Geopolitics penetrate food
The industrial food system, which dominates a part of our food supplies, is intrinsically tied up in geopolitics. Some of the giant commodity traders, like COFCO of China or SALIC of Saudi Arabia, are explicitly bound to the political agendas of their mother countries. Part of the UAE's current “food security” strategy was to buy up a major part of Louis Dreyfus, one of the big five agricultural commodity traders, on condition that the company prioritise shipments to the UAE in times of need.15 When push comes to shove, the US, European and Japanese food companies all line up behind their governments, too. The global food system that corporations manage and control – through regulations tailored to their needs and free trade and investment agreements – is more of a sourcing regime for the wealthy of the world. With wars and climate change making shortages in key, global food commodities and agricultural inputs (like fertilisers) far more likely, this is a deadly scenario for most people on the planet.
The concentration of farmland has grown far worse over the past two decades. The food crisis and financial crisis of 2008 triggered a rush to acquire farmland, in which corporations and financial investors grabbed over 30 million hectares within ten years.16 Today, 1% of the world’s largest farms control 70% of the world’s farmland.17 Farmland is now a financial asset, with decisions over how it is used increasingly determined by distant financial actors, completely disconnected from the needs of local communities. Other parts of the food system, most notably trading, have also become more financialised, which makes food production and distribution highly vulnerable to whatever happens in financial markets.18
Bold ideas, big coalitions
Food prices are not simply going to go down when ships start sailing through the Strait of Hormuz again. Costs and consequences have already been “baked in” to markets and forecasts. We are in a time of imperial power grabs, connected to climate crisis and surging inequality.

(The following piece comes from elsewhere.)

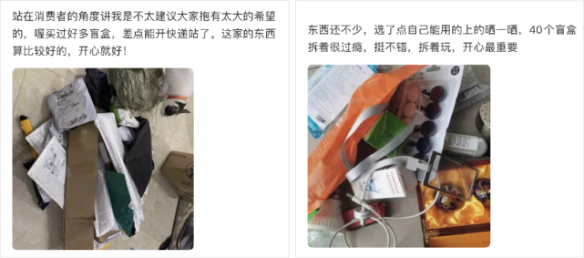 相比市面上的「潮玩盲盒」,这些「快递盲盒」不仅售价更低,而且内容物也更丰富,因此不少人都买了又买,就为了获得“拆快递”式的快感。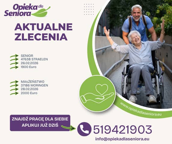 Oferta do Seniora 47638 Straelen / Nadrenia Północna-Westfalia Od 26.02.2026 Na 6 tygodni do 1900 EURO + opłacony przejazd Wymagania: komunikatywna znajomość języka niemieckiego + prawo

That means that while the severity and geography may vary, without deep transformation, food crises are bound to become a permanent condition.
Such a deep transformation requires big coalitions based on common agendas.19
The most fundamental and urgent actions needed are those to end wars and imperial aggressions, while fighting back against domestic racism and the rise of reactionary and far-right agendas. How? There is no magic bullet. We need to work together to help build larger alliances and greater capacities. This means not only joining solidarity actions, but finding ways to connect to people's every day lives and change the things that are driving them into the hands of the far-right.
In terms of government action, people can demand measures to stop corporate profiteering, like price controls, strategic food reserves and wealth taxes on billionaires (and soon to be trillionaires) to redistribute resources and fund public services.20 These are mushrooming in many jurisdictions, and need broad-based political support.
We also need to strengthen programmes to ensure equal access to healthy and safe food. Good examples of this are what Mayor Zohran Mamdani is doing in New York City to create public groceries, as well as the food social security systems being tested in numerous countries of Europe.21 But these cannot be top-down, big state projects, of the kind that President Prabowo is implementing in Indonesia.22 They should be led by the food producers and workers who are already there. We need to build public investment, without corporations.
The US-Israel war on Iran has, once again, made our food system's over-reliance on fossil fuels and vulnerability to imperial aggressions painfully obvious. When taken together with the climate crisis, it is clear that we must urgently break this addiction and build up biodiverse food systems that are far less dependent on fossil fuels.23 This can be a core objective bringing different social movements together, but only if it is anchored in building economies of solidarity and equity.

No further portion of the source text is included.